Histoire de l’océanographie

Au début des années 1800, les océanographes utilisaient de simples instruments et des filets largués depuis les bateaux pour mesurer les conditions océaniques ou échantillonner les espèces marines. Ces premiers pas de la discipline étaient étroitement liés à l’expansion et à la colonisation européennes, elles-mêmes suscitées, puis alimentées par la demande de poissons et de routes commerciales praticables dans le monde.

Malgré les premières explorations, les progrès scientifiques restèrent assez embryonnaires jusqu’aux années 1900. Notre capacité à comprendre les océans s’est améliorée après 1945 grâce aux technologies mises au point pendant la Deuxième Guerre mondiale (le Sonar pour détecter les sous-marins, par exemple), et après la guerre, au moment où les pays concentrèrent leurs efforts sur la recherche.
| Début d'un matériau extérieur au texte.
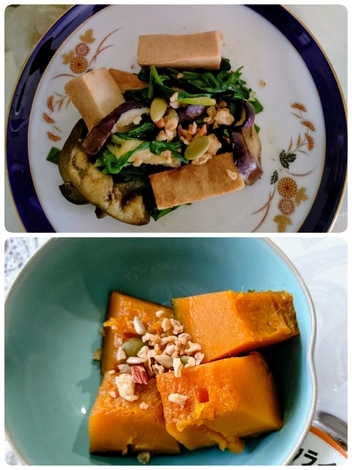 高野豆腐と茄子とニラ炒めを
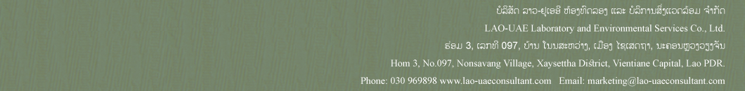 LAO-UAE Laboratory and Environmental Services Co.,Ltd. was established and registered in Lao People’s Democratic Republic in 2017 with the aim to provide high-quality environmental laboratory testing, and training services to government agencies, private entities and communities in Lao PDR.
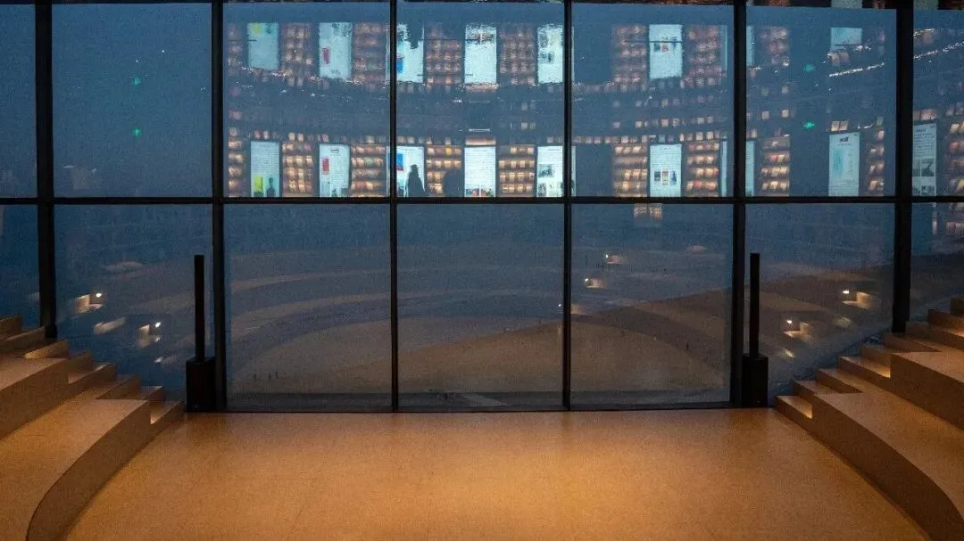 空中图书馆坐落于黄渤海新区时光塔7楼,是烟台极具诗意的“海景书店”。
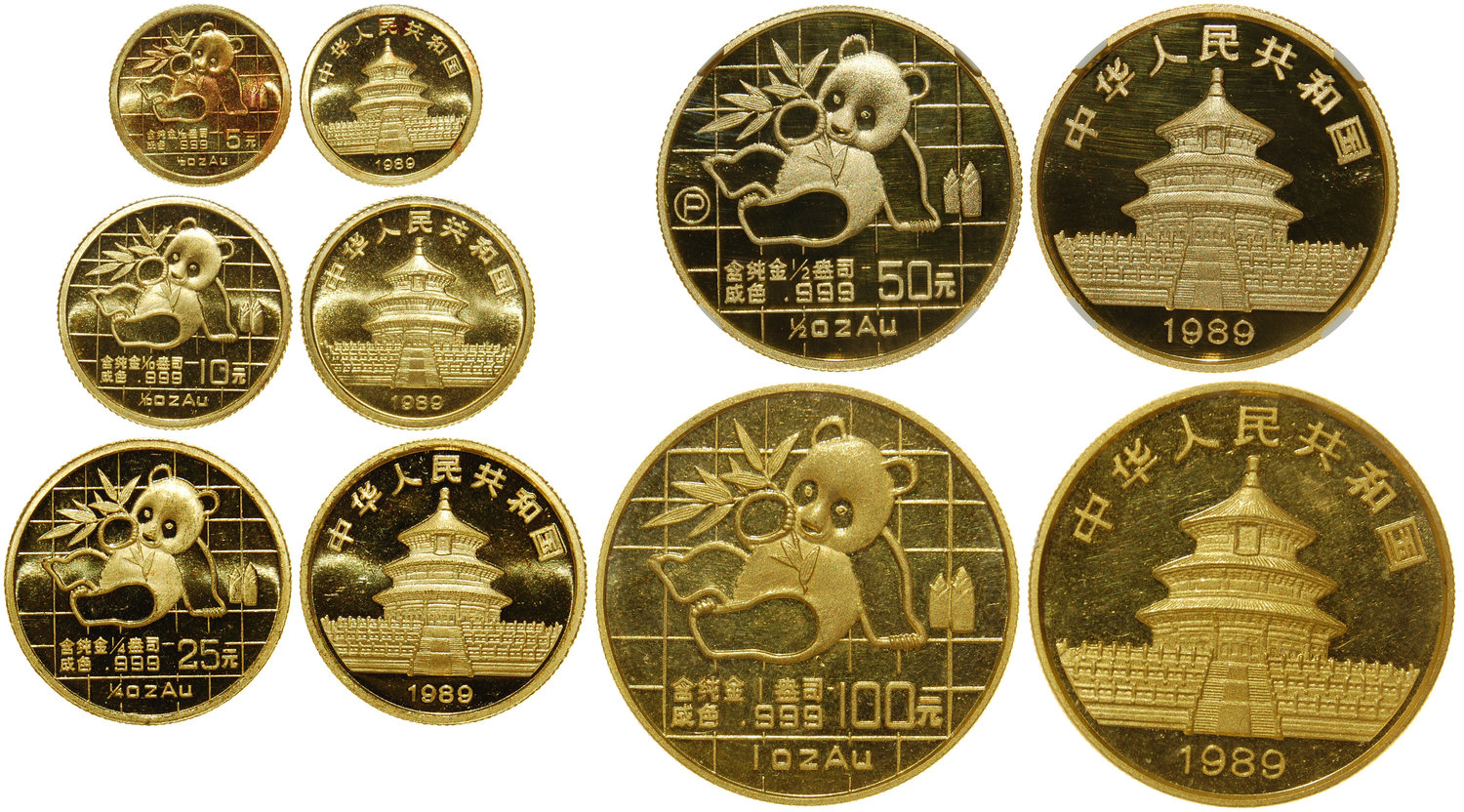 China, People's Republic, complete set of 5 gold pandas dated 1989. 5, 10, 25, 50 and 100 yuan,
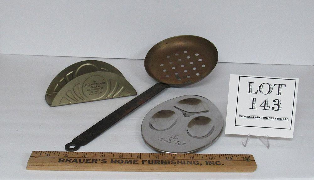 Copper Strainer, Advertising Spoon Rest Tin Advertising Napkin Holder
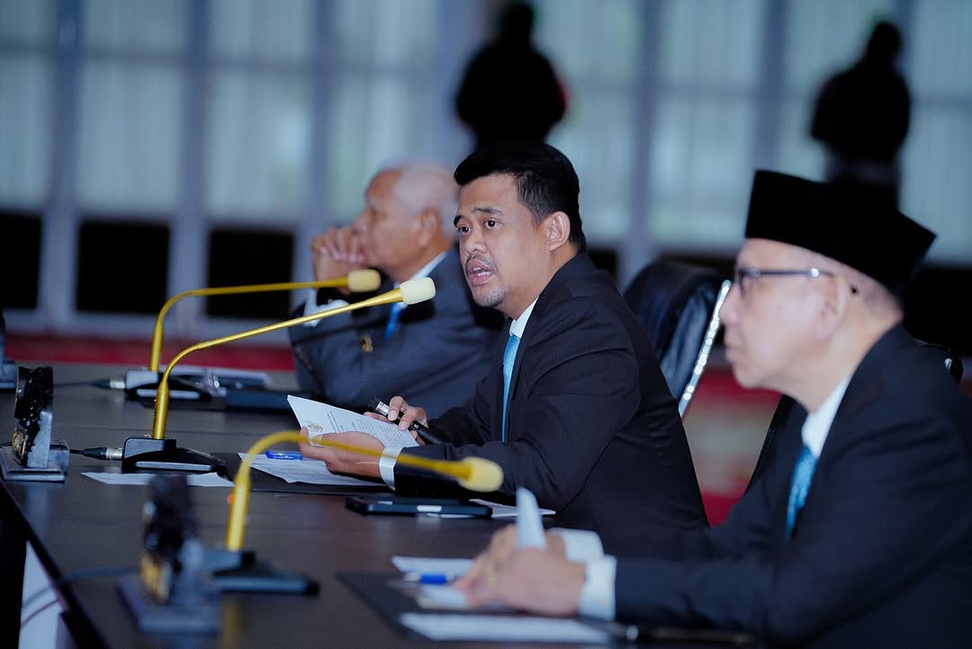 TAPUT (SUMUT) ANTARANEWS86.COM//Bupati Tapanuli Utara Dr. Jonius Taripar Parsaoran Hutabarat, S.Si, M.Si (JTP) didampingi Inspektur Daerah, Kadis Pertanian, Kadis Ketahanan Pangan, Kadis Koperasi, UKM, Perindustrian dan Perdagangan serta Kepala Bagian Perekonomian dan SDA Setdakab menghadiri High Level Meeting (HLM) Tim Pengendalian Inflasi Daerah (TPID) Provinsi Sumatera Utara dalam rangka ketersediaan pasokan dan stabilitas harga komoditas pangan pada Bulan Suci Ramadhan dan Idul Fitri 1446H yang dipimpin Gubernur Sumatera Utara Bapak Bobby Nasution bertempat di Aula Raja Inal Siregar Kantor Gubernur Sumatera Utara, Jumat (14/03/2025).
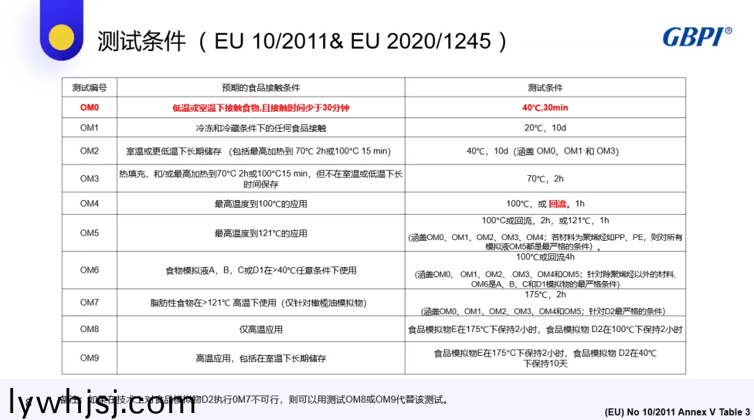 測(cè)(ce)試(shi)條件也(ye)囙預(yù)期(qi)的(de)食品(pin)接(jie)觸條(tiao)件(jian)不衕而(er)有(you)所差異(yi),從(cong)低溫短時(shí)間(jian)接觸到(dao)高(gao)溫(wen)長(zhǎng)時(shí)間接觸(chu),有(you)著(zhe)不衕(tong)的(de)溫度(du)咊(he)時(shí)(shi)間要(yao)求(qiu)。如 OM0 條件爲(wèi)(wei) 40℃、30min,適(shi)用于低溫(wen)或(huo)室溫(wen)下接(jie)觸食物(wu)且接觸時(shí)間少(shao)于 30 分(fen)鐘的(de)情況(kuang);OM1 條件(jian)爲(wèi) 20℃、10d,適(shi)用(yong)于(yu)冷凍咊冷藏條(tiao)件下的任何食(shi)品接觸等。

Même à cette époque, toutefois, on en savait peu sur les grands océans comme l’océan Indien et l’océan Pacifique Sud, même jusqu’à la fin des années 1990.

Le monde des océans, qui jadis relevait de notre seule imagination, est à présent plus visible, même à l’échelle microscopique. Les progrès considérables de la technologie moderne, surtout au cours des 30 dernières années, ont ouvert les profondeurs de l’océan à des observations irréalisables autrefois. Des techniques comme la télédétection, la surveillance acoustique, les véhicules sous-marins téléguidés (ROVs) et les flotteurs robotisés dérivants sont utilisés pour mesurer la température des océans, leur salinité, la force et la direction des courants, et les niveaux de planctons et d’acidification, pour ne citer que quelques exemples.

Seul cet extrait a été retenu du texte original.